あとを濁さず
うちのじいちゃんはかなりの綺麗好きだった。いや、整理整頓魔といった方がいいかもしれない。
昨日までたしかにこの部屋に住んでいたはずなのに、生活感なんてものはひとつもありはしない。
ぴちっと揃えて並べられた蔵書の中には、「ドイツ式 片付けの秘訣」なんて本があった。
ってことは、この生活感のなさは、じいさんのたゆまぬ努力によって作られたものなのだろうか。
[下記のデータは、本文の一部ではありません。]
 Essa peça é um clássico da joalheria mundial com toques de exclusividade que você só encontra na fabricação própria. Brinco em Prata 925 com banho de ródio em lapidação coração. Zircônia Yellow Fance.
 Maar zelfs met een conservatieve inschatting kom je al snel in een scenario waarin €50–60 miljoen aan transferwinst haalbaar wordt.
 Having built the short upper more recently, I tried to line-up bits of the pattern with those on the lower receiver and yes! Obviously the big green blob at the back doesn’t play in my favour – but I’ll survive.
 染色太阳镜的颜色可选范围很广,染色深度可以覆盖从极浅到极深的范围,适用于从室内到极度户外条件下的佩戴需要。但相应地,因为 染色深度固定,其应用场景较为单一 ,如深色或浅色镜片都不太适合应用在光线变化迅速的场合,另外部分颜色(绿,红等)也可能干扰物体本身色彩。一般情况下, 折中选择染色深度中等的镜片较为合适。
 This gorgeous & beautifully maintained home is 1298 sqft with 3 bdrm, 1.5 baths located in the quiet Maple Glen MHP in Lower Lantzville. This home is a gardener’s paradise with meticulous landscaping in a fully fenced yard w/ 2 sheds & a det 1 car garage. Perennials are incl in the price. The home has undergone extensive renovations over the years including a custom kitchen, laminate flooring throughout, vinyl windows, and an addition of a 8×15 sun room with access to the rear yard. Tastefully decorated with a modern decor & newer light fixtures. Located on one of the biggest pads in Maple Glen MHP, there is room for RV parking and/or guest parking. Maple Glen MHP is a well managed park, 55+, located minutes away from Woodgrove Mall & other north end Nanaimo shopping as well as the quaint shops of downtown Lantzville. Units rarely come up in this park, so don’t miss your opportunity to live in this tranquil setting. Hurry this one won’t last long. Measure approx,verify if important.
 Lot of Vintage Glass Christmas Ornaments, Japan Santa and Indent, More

なんて思いを馳せてみたところで、今の私には正解はわからない。ねぇ、じいちゃん、教えておくれよ。なんて空を見上げてみたところで、結局無意味だしな
整然としすぎた遺品たちを一つずつ箱にしまい、そのたびに、そこへの「何も残っていなさ」に泣けてくる。
思えばばあちゃんが亡くなってから三年間、あのひとは死に方を探していたのかもしれない。
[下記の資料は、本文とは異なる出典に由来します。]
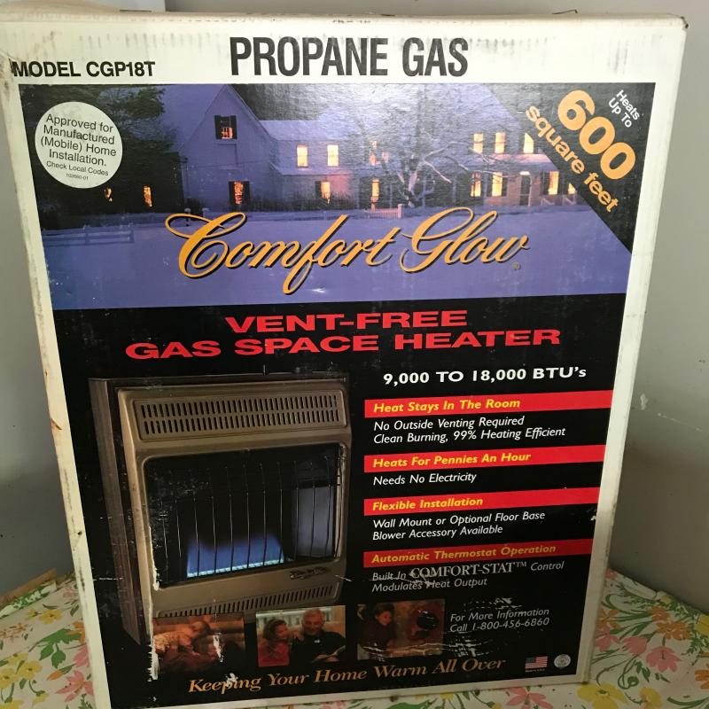 New-in-box Comfort Glow gas space heater. Uses propane gas and heats up to 600 square feet. No shipping. Local pickup only.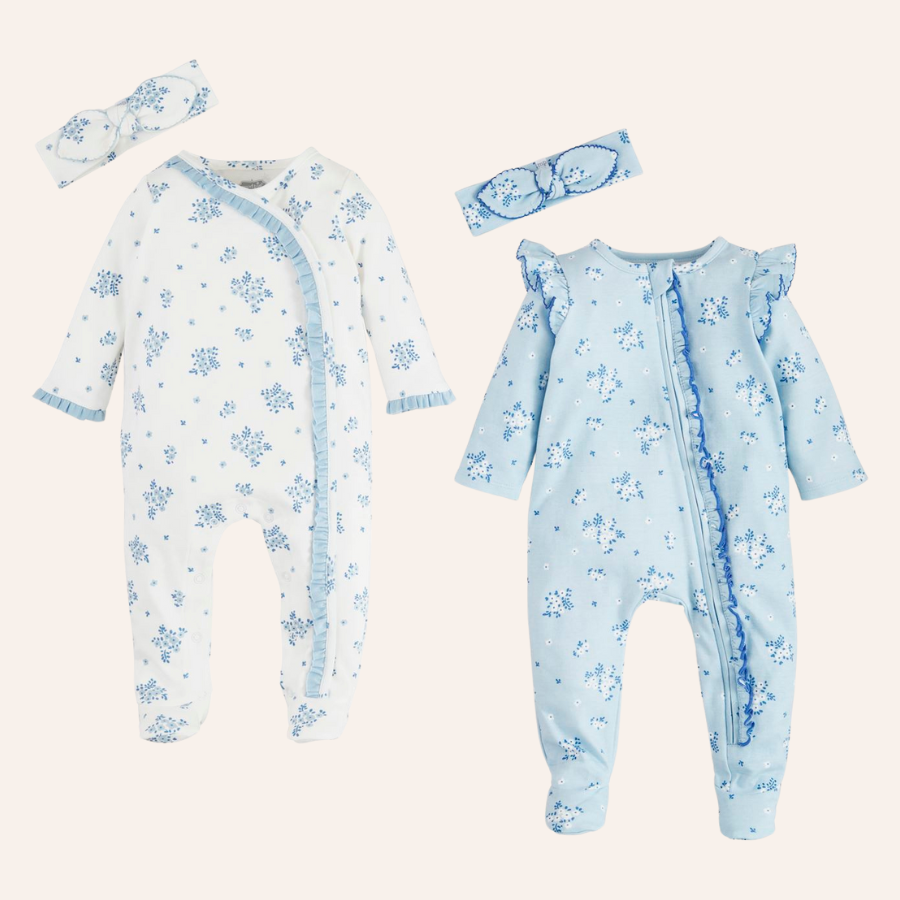 The Ditsy Floral Baby Sleeper is a charming 2-piece set designed for your little one's comfort and style. This set includes a cotton interlock ruffle footed sleeper, ensuring a cozy fit and gentle feel against delicate skin. The delightful ditsy floral pattern adds a touch of sweetness, perfect for any occasion. Accompanying the sleeper is a matching bow headband, completing the adorable look. Sized for 0-3 months, this set is crafted from 100% cotton, providing breathability and softness for your baby.

いつそちらに行ってもいいように。残されたひとたちに、できるだけ影響を与えないように。
なぁ、じいちゃん。最期の三年間、幸せだったかい。
もっと会いに来ればよかった。
それで、もっともっと楽しいことを、たくさん一緒にやればよかった。
ばあちゃんとのツーショット写真を箱におさめた時、ぽろりと涙が一粒だけこぼれた。
顎の先から伝ったそれは、使い込まれた絨毯に吸い込まれて、まるでそんなもの最初からなかったかのように、すっと、跡形もなく消えていった。